Required work: Could you transcribe every record below exactly, leaving out the pictures?

Source material:
· · · ·

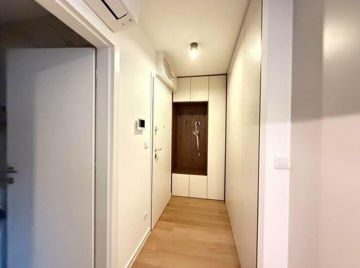 Stanovanje obsega naslednje prostore: hodnik, večji prostor, kjer je hkrati dnevna soba, jedilnica s kuhinjo v enem, kopalnica s tušem, wcjem ter pralnim strojem. ter spalnica. Stanovanju pripada tudi shramba ter parkirno lastniško mesto zunaj objekta.
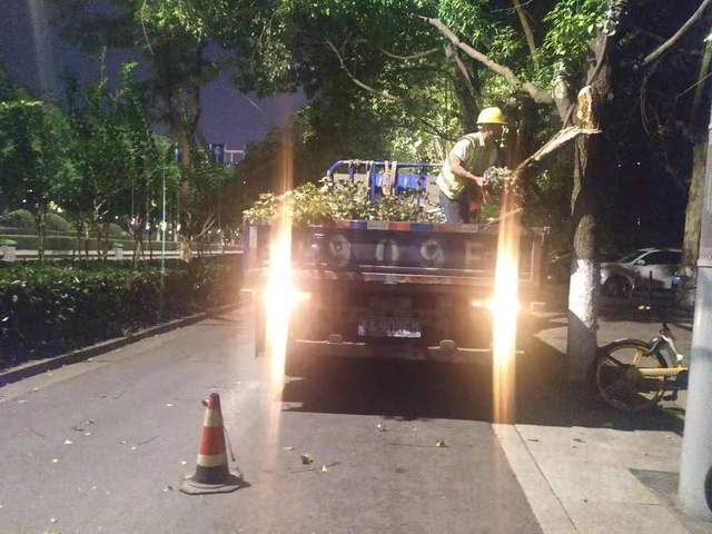 綠化養(yǎng)護(hù)隊(duì)伍,進(jìn)行24小時(shí)值班巡查,對(duì)出現(xiàn)的倒伏樹木、斷枝和破損的市政設(shè)施,及時(shí)進(jìn)行消險(xiǎn)處理。本次防汛過(guò)程中共出動(dòng)巡查及搶險(xiǎn)人員90人次,投入車輛30臺(tái)次,清除危亭1處,險(xiǎn)樹5處、斷枝4處。不僅保證養(yǎng)護(hù)區(qū)域綠化植物安全度汛,更保障了居民安全出行。
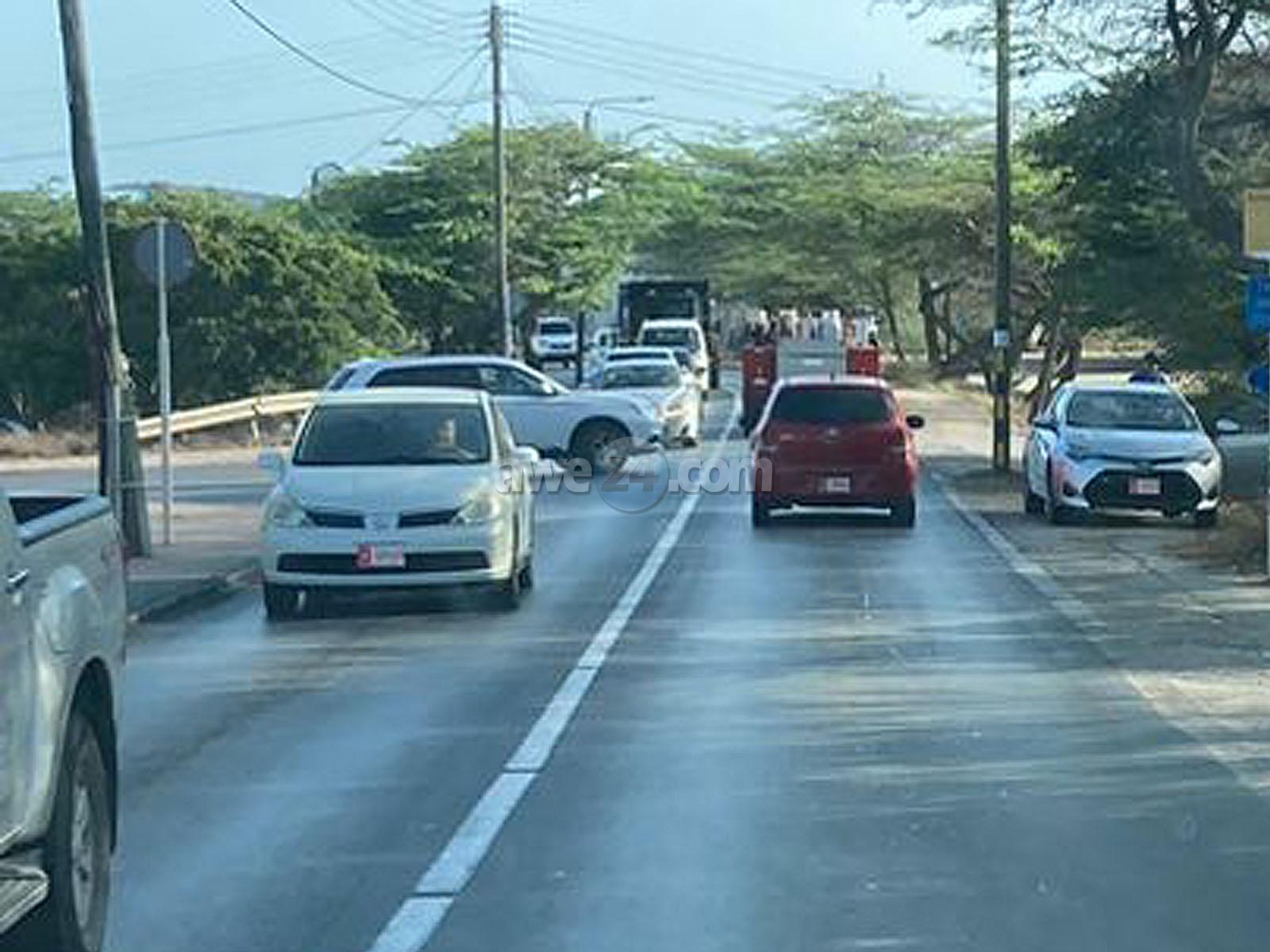 Diahuebs mainta a drenta informe di un accidente banda di e cede di M.E.P. na Santa Cruz, mesora a dirigi un patruya na e sitio. Na yegada dibe patruya a bin compronde cu aki ta trata di un accidente pa falta di preferencia unda e s.u.v. biniendo for di pabao no a para duna preferencia na e Toyota cu tabata bini di nort y e s.u.v. a dal e Toyota den banda. Afortunadamente ningun hende a resulta herida.
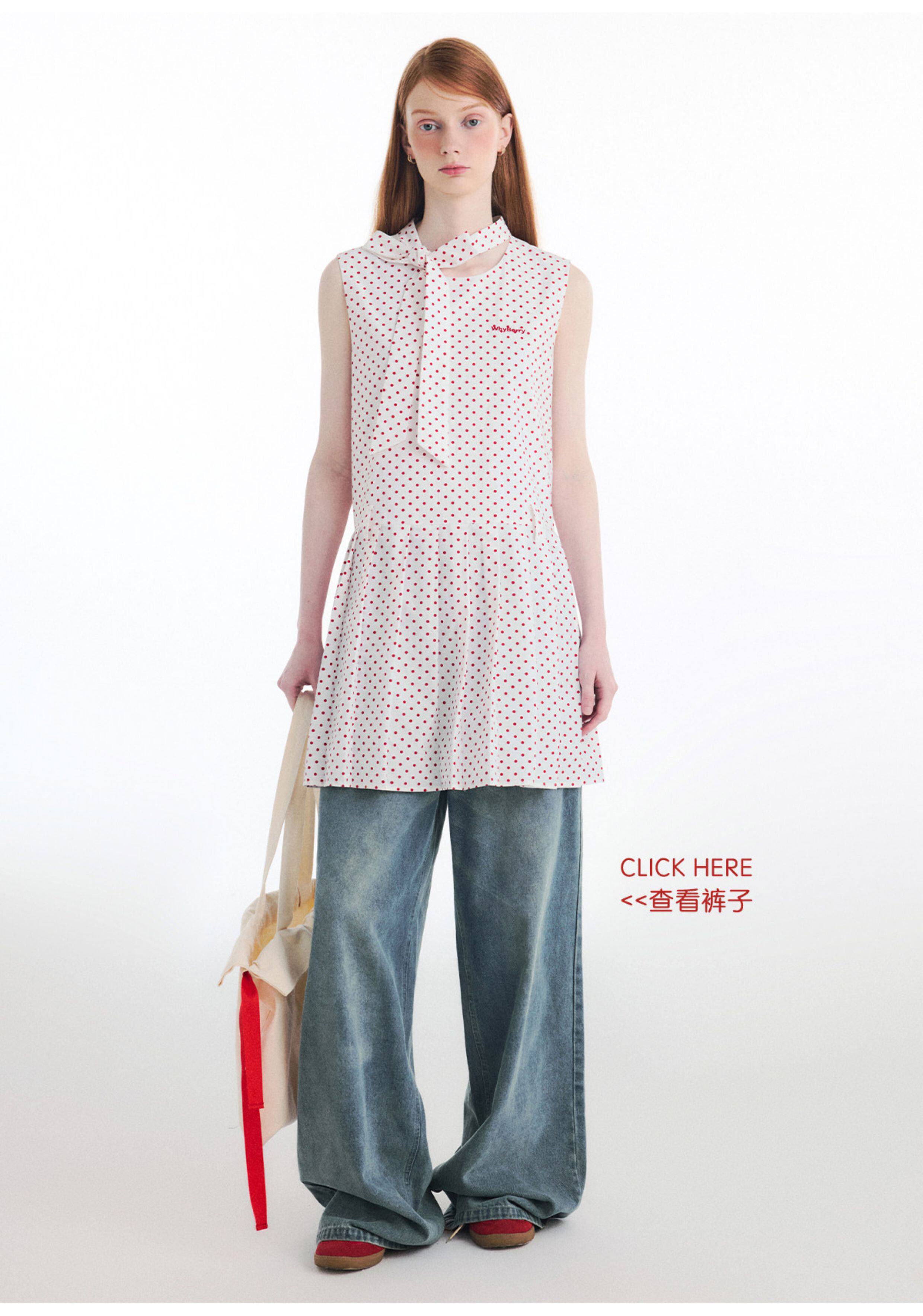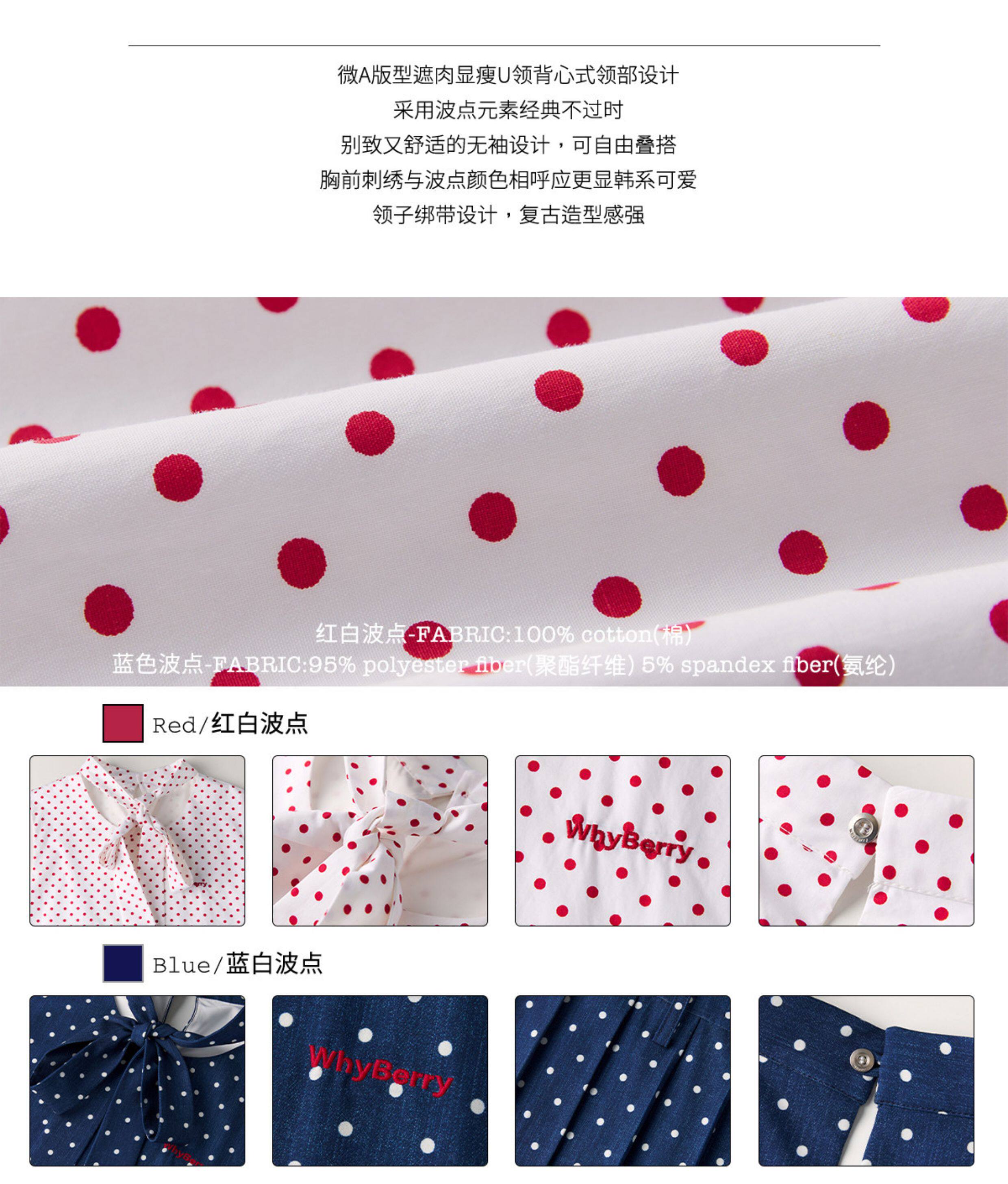 WhyBerry 24SS“波點派對”紅白波點復古連衣裙微A深藍色裙子夏日
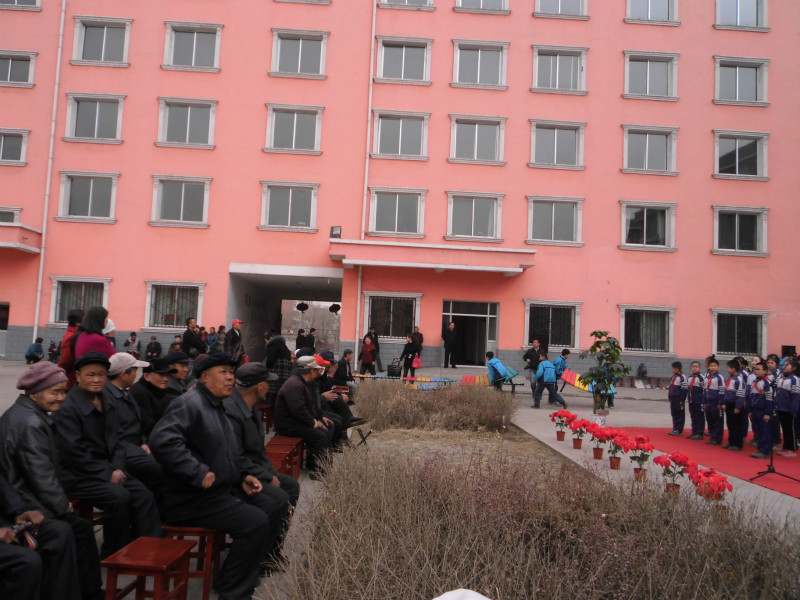 我们来到这里,也是为了关心老人。你看,有的同学在拿着书给奶奶念文章听。也许奶奶的耳朵已经听不清,可是我相信她还是会感受到我们的爱
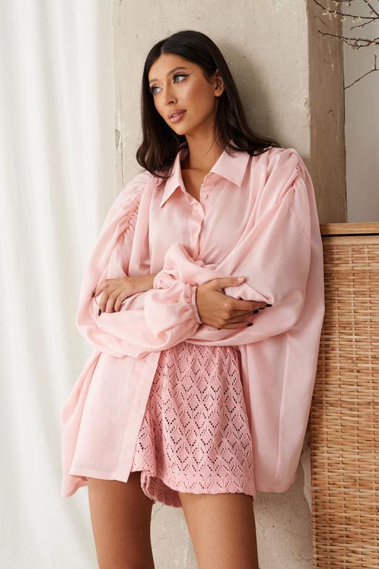 Рубашка свободного кроя, выполнена из полотна розового цвета. Воротник отложной на стойке. По плечевым швам сборка. Рукав втачной, со спущенной линией плеча, низ рукава на резинке. Спинка цельная. Застежка центральная пуговицы. Низ прямой.
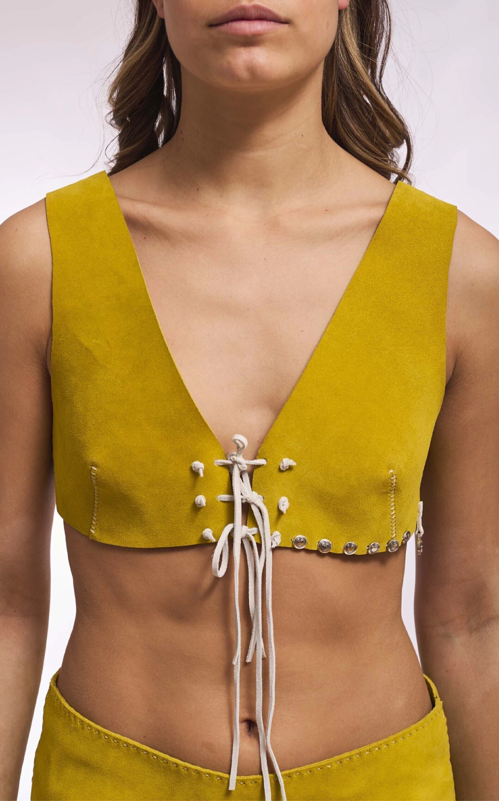 El Top Fun Lima está confeccionado completamente a mano en gamuza seleccionada, con ajuste de tiento en frente y espalda, lo que garantiza el mejor calce y comodidad. Cuenta con pinzas de entalle en busto.
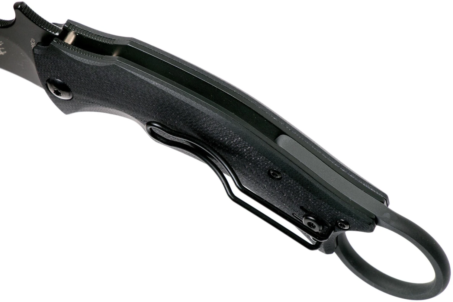 El Fox Black Bird Bastinelli FX-591 es un cuchillo karambit genial, diseñado por Bastinelli Designs. Diseñó la navaja de tal manera que puedes ponerte a trabajar inmediatamente cuando la sacas de tu bolsillo. El lomo está concretamente realzado con un abridor de ondas. Se enganchará detrás del borde de tu bolsillo, abriendo la hoja. No hay forma más rápida de abrir un cuchillo.

· · · ·

Solved exercise:
 Stanovanje obsega naslednje prostore: hodnik, večji prostor, kjer je hkrati dnevna soba, jedilnica s kuhinjo v enem, kopalnica s tušem, wcjem ter pralnim strojem. ter spalnica. Stanovanju pripada tudi shramba ter parkirno lastniško mesto zunaj objekta.
 綠化養(yǎng)護(hù)隊(duì)伍,進(jìn)行24小時(shí)值班巡查,對(duì)出現(xiàn)的倒伏樹木、斷枝和破損的市政設(shè)施,及時(shí)進(jìn)行消險(xiǎn)處理。本次防汛過(guò)程中共出動(dòng)巡查及搶險(xiǎn)人員90人次,投入車輛30臺(tái)次,清除危亭1處,險(xiǎn)樹5處、斷枝4處。不僅保證養(yǎng)護(hù)區(qū)域綠化植物安全度汛,更保障了居民安全出行。
 Diahuebs mainta a drenta informe di un accidente banda di e cede di M.E.P. na Santa Cruz, mesora a dirigi un patruya na e sitio. Na yegada dibe patruya a bin compronde cu aki ta trata di un accidente pa falta di preferencia unda e s.u.v. biniendo for di pabao no a para duna preferencia na e Toyota cu tabata bini di nort y e s.u.v. a dal e Toyota den banda. Afortunadamente ningun hende a resulta herida.
 WhyBerry 24SS“波點派對”紅白波點復古連衣裙微A深藍色裙子夏日
 我们来到这里,也是为了关心老人。你看,有的同学在拿着书给奶奶念文章听。也许奶奶的耳朵已经听不清,可是我相信她还是会感受到我们的爱
 Рубашка свободного кроя, выполнена из полотна розового цвета. Воротник отложной на стойке. По плечевым швам сборка. Рукав втачной, со спущенной линией плеча, низ рукава на резинке. Спинка цельная. Застежка центральная пуговицы. Низ прямой.
 El Top Fun Lima está confeccionado completamente a mano en gamuza seleccionada, con ajuste de tiento en frente y espalda, lo que garantiza el mejor calce y comodidad. Cuenta con pinzas de entalle en busto.
 El Fox Black Bird Bastinelli FX-591 es un cuchillo karambit genial, diseñado por Bastinelli Designs. Diseñó la navaja de tal manera que puedes ponerte a trabajar inmediatamente cuando la sacas de tu bolsillo. El lomo está concretamente realzado con un abridor de ondas. Se enganchará detrás del borde de tu bolsillo, abriendo la hoja. No hay forma más rápida de abrir un cuchillo.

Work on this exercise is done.